Azrael laughed, a growling sound that made Magda wonder if the dwarf again was transforming into his badger form. “Magic sticks’ll do you no good against things like me,” he said when the laughing fit had subsided. “Oh, maybe that cudgel’s more than just a bit of wood, but don’t rely on it.”

Warming to the subject, Azrael got to his feet and straightened the brocatelle tunic he’d taken from the peasants. The heavy, colorful yarns that made up the garment lent the dwarf the look of a court jester. “Take the lout who ran into me on the road near Barovia village the other night,” he began. “I hid in the bushes at the side of the road, waiting for an easy mark. When this boyar came riding along, I leaped out looking like a half-badger-teeth and claws and all that. Does he run? Does he draw a sword? No, he whips out this pendant and waves it at me.”

A fit of laughter seized the dwarf, and he doubled over in mirth. “ ‘Oh,’ I growls, ‘don’t do that no more. You’ll make me hurt myself laughing at you.’ ”

Magda sat in shocked silence. In a daze, she rummaged through her small sack and withdrew the pendant she had sold to Herr Grest the night Soth had attacked her tribe.

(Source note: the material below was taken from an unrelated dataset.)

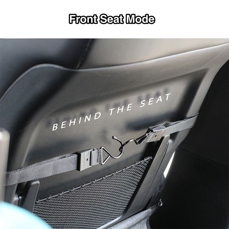 - BONUS: Optional strap tie downs hook into your trunk like a cargo net, around your seat backs, or onto your backseat child safety seat anchors so that your belongings stay securely in place
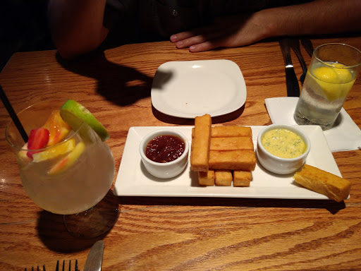 The restaurant was nicely decorated, staff was friendly and had a good feel when walking in. The down side was when our starters arrived.... another waiter was right behind with the main dishes. That was a mess up and we knew if you sent it back it would just sit. I ordered Rustic Chicken with yellow rice and a friend the same but with veggies. The dishes came out with just chicken on the plate. Another friend ordered the burger, with no lettuce or tomatoes... she got just a patty with cheese. We were never asked if we wanted coffee or dessert. The food itself tasted good and portions were decent. Unfortunately, the experience wasnt that great.

She’d told the boyar that the little piece of jewelry possessed the power to shield the person wearing it from creatures of the night. It’s actual powers were much less impressive: It made the person wearing it invisible to mindless undead, creatures like zombies or living skeletons, things without free will or human intelligence.

“Hey, you’ve got one just like his,” Azrael said, pointing at the drop of silver on the end of the chain.

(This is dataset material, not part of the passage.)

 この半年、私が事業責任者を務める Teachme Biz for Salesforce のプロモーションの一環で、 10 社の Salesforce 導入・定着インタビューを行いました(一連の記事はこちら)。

“It’s the same pendant,” she corrected. “I got it from that boyar’s kin. The villagers are blaming that murder on my tribe.”

The dwarf chuckled. “They won’t have many warm bodies to put on trial after Strahd gets through with your lot.”

“I won’t be one of them,” the Vistani insisted as she slipped the pendant on. “Once we cross into Gundarak, there’s no way I’m ever coming back to Barovia.” She packed the rest of her belongings into her sack. “By the way, are you wearing that motley tunic all the way to Gundar’s castle? His guards would see you coming ten leagues away.”

“The count says there’s some old armor in the basement.” The dwarf picked at a loose thread of azure yarn. “I’ll get a mail shirt and use this as padding.”

“I wouldn’t trust Strahd’s word on anything,” Magda murmured under her breath.

Azrael groaned. “But you trust Soth? At least Strahd is open about his plans. You can be sure he will do as he says.” Spreading his arms wide, the dwarf added, “Do you know what this place used to be? The fortress of a local nobleman. When the noble stole tax money, the count had everyone in his household killed. Was it a surprise? Certainly not.”

“What’s your point?”

A wide smile played across Azrael’s face, making his muttonchop sideburns bristle like whiskers. “A predictable person is a lot less dangerous than one who tosses surprises at you.”

Magda slung her pack over her shoulder and took a last look around the musty tower room. “You’re as good at giving advice and sharing your ‘wisdom’ as any Vistani fortune-teller I’ve ever met. Do you ever follow it yourself?”

Azrael didn’t answer for a time. After he finished repacking his food, he noted, “If I followed half the advice I give, do you think I’d be here myself?”

Caradoc was finally growing accustomed to seeing the world at a tilt. His head still lolled on his shoulder, unsupported by his broken neck, but in the time since Soth had attacked him, the ghost had become less aware of the odd angle at which he viewed things. At times his mind compensated for the injury, straightening the landscape and the horizon he saw. Then there were the minutes and hours when Caradoc couldn’t even walk because of the vertigo that gripped him, times when he couldn’t tell up from down. Luckily, those attacks were growing less frequent, and the ghost was certain that, given time, his mind would adjust.